David Fincher’s The Curious Case of Benjamin Button is a strange film that takes a strange premise – the titular character goes through life aging backwards, born an old man and ending up an infant – and completely ignores any logical, farcical, satirical or other implications that this premise might bring.
You see, the aging is merely window dressing: Ben Button might have almost any other ailment, real or fictional, and the film would play out the exact same way. Given that screenwriter Eric Roth has written both films, the connection has been made before, but Benjamin Button is far too close a narrative to Forrest Gump for comfort.
Not that Forrest Gump is a bad film. And certainly, neither is The Curious Case of Benjamin Button. But I am unsure if the movie is great, or merely good. It’s strangely affecting, and has a real poignancy in that old-fashioned Hollywood way.
And the craft is flawless: the aging effects, the period detail, the acting. The film is neither successful as an adaptation of the F. Scott Fitzgerald’s short story it is (very) loosely based upon, nor as an examination of its intriguing premise, but it doesn’t try to be those things, either. In New Orleans, on the eve of the First World War, a wealthy businessman’s wife dies in childbirth; the child is a grotesque infant whom the father soon abandons at the doorsteps of a retirement home.
Taken in by Queenie (Taraji P. Henson), a caregiver at the home, the baby is diagnosed with a variety of maladies that affect the elderly and given little time to live. But live he does, and it soon becomes apparent he’s living in reverse, as he quickly transforms into an 80-something-year-old man. He grows up in the retirement home, watches those around him perish, meets a young girl named Daisy and the two share some kind of connection.

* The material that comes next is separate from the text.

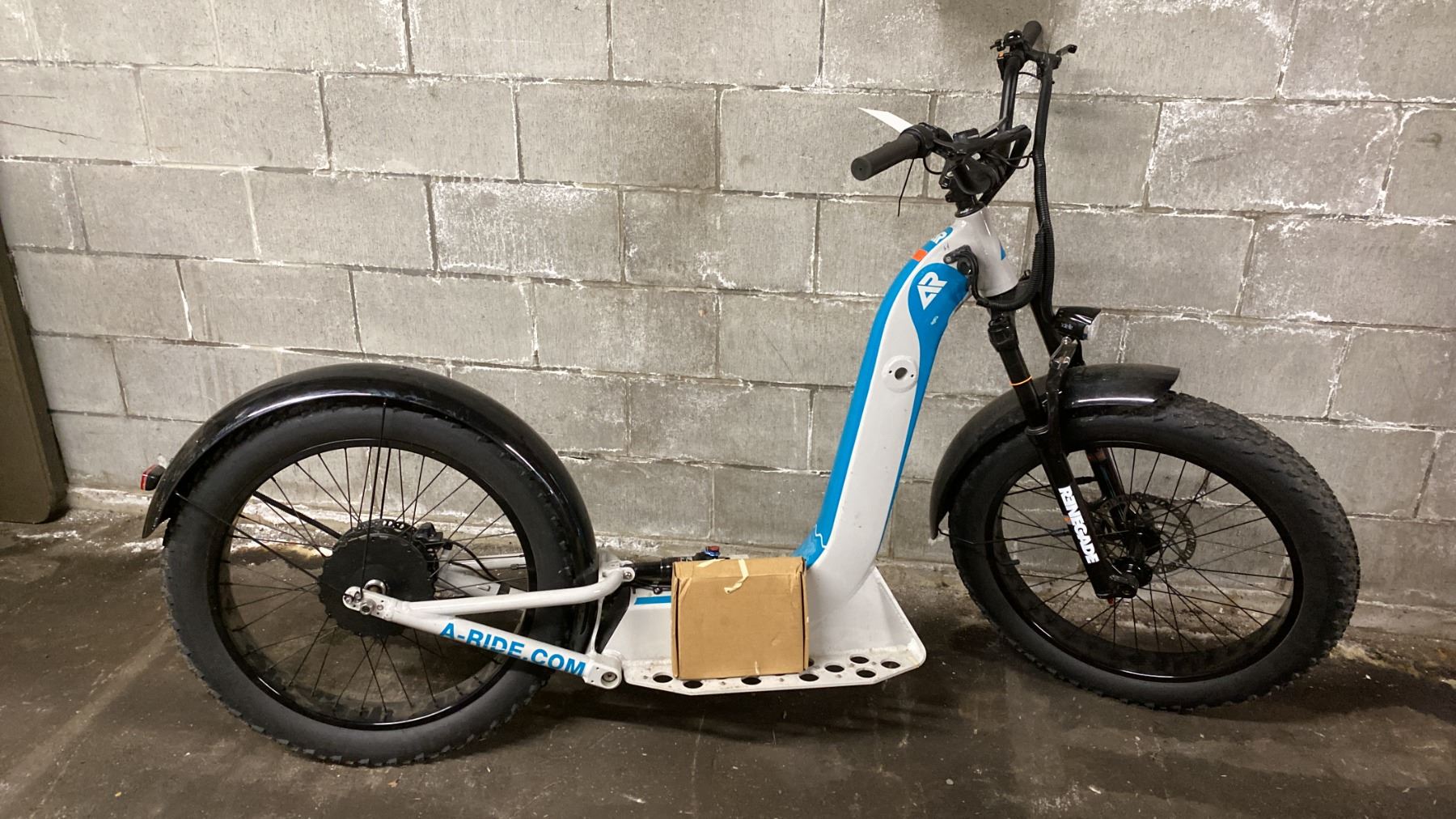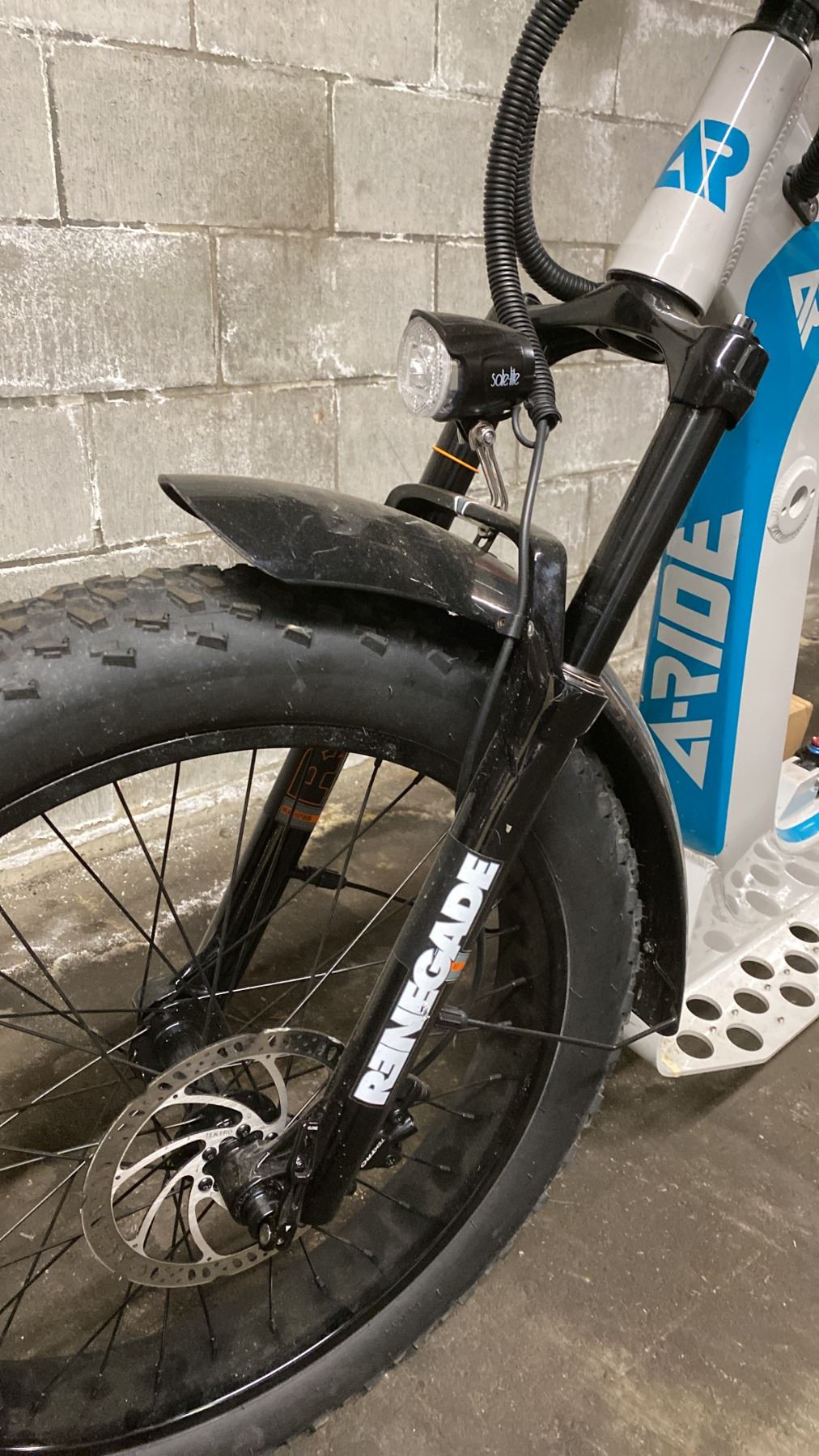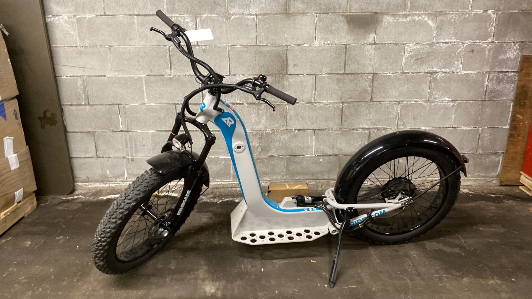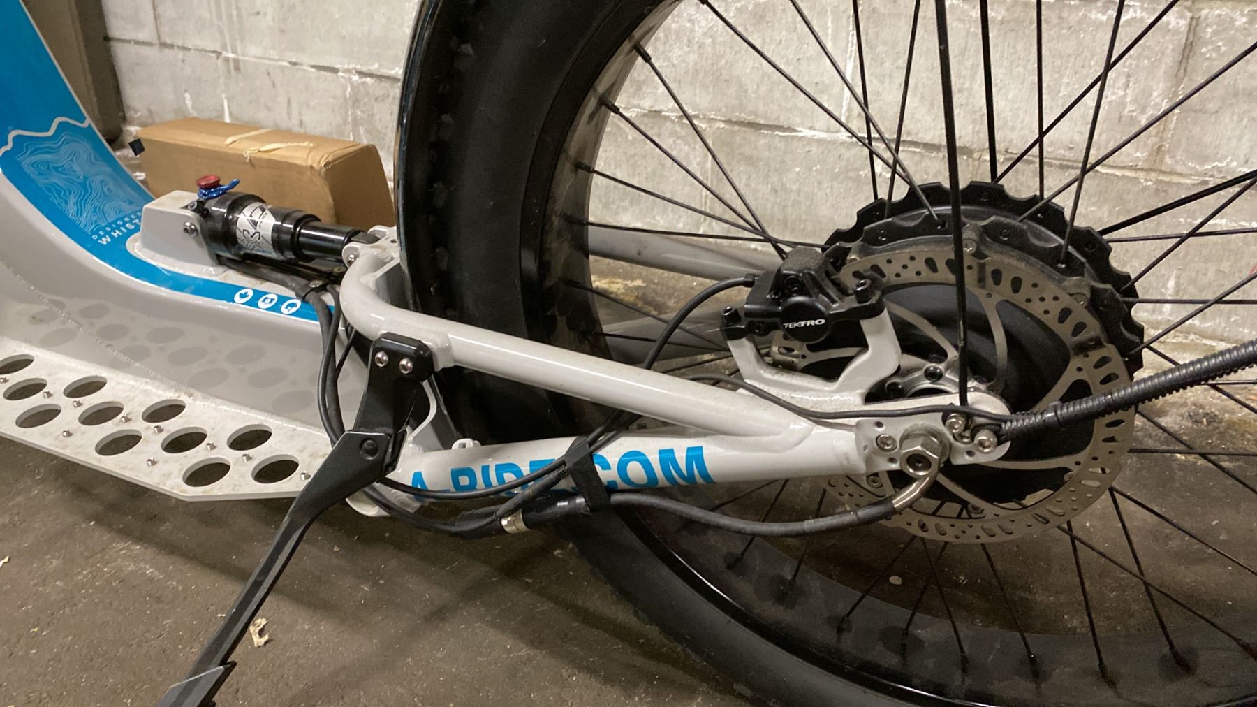 ALPINE RIDING A-RIDE PACIFIC COASTER FULL SUSPENSION ELECTRIC SIZE 24" FAT TIRE SCOOTER, WHITE, 1000W MOTOR, 180 DISC BRAKES, TEKTO HD E-350 CUT OFF, TFT DISPLAY, 35 MPH MAX SPEED, CUSTOM PANASONIC 1356P 1000W BATTERY, 50 MILE RANGE, 3A CHARGER INCLUDED *HAS KEYS* *IN BOX*

When he gets old enough, Benjamin (played by Brad Pitt, a variety of other actors, prosthetics, and CGI effects) sets out to live his life as normally as possible. While he’s initially much younger than he looks, soon he’s close enough to share his life with Daisy (now played by Cate Blanchett) before becoming much older than he looks. But the film isn’t really about Benjamin; like Gump, it’s more about the events that occur around him and the interesting people he meets along the way.
And everything is narrated on Daisy’s deathbed, as her daughter (Julia Ormond) reads Benjamin’s diary to her and Hurricane Katrina swells up around them, in scenes that add little to the story and make this 166-minute film feel even longer.
Late in the film we see a montage of the old (young) Benjamin travelling the world, living and working in various countries, and we can’t help but ask: how does a lifetime of memories affect the passion and vigor of this young man’s body? The movie never delves into the character of Benjamin Button, never gets inside his mind, and these and other questions are left unanswered.
What does the young (old) Ben think when he meets Daisy? In the film’s most touching scene, when an age Daisy cradles an infant Benjamin, she notes “he looked at me, and he knew who I was.” But what did he think of that? The film ends with a heartfelt message on the nature of identity (“Some people are…”), but who was Benjamin Button? He’s a cipher in his own movie.
The main theme of Benjamin Button seems to be the imminence of death and living life to the fullest. In an early scene, Ben asks an elderly woman “what would you say if I told you I was growing younger as I aged?” She replies, “Well, I’d feel sorry for you, because you’d have to see all your friends die.” That’s all well and good, but what exactly does it have to do with reverse aging? Don’t we all grow old and see our friends and loved ones die anyway?
While part of me wants to respect the movie that screenwriter Roth has attempted to make, I also have a sense that he doesn’t quite care for or understand its central conceit. CGI and makeup effects, which mostly involve aging Pitt or pasting his face onto other bodies, are technically flawless but frequently call attention to themselves; I often found myself wondering what was used (or if anything was used) to make the actor look so good.
Acting is outstanding all around, and colorful supporting performances – though no one sticks around long enough to really make an impression – frequently keep the long film watchable. Pitt, however, has been overpraised as the blank slate Ben Button, though he certainly deserves credit for his physical commitment to the role.
Fincher is one of the best directors working in Hollywood; he’s made two films in the last fifteen years that are already considered classics (Seven and Fight Club), and that doesn’t even include his best, 2007’s Zodiac, which will get its recognition soon enough.
He never quite shines in Benjamin Button, though his direction is perfectly workmanlike; there are no remarkable sequences like the Zodiac‘s overhead taxicab shot or the time-lapse Transamerica construction (among many others), outside of a brief chaos theory rundown leading up to a car accident, which has only a strained connection to the rest of the film.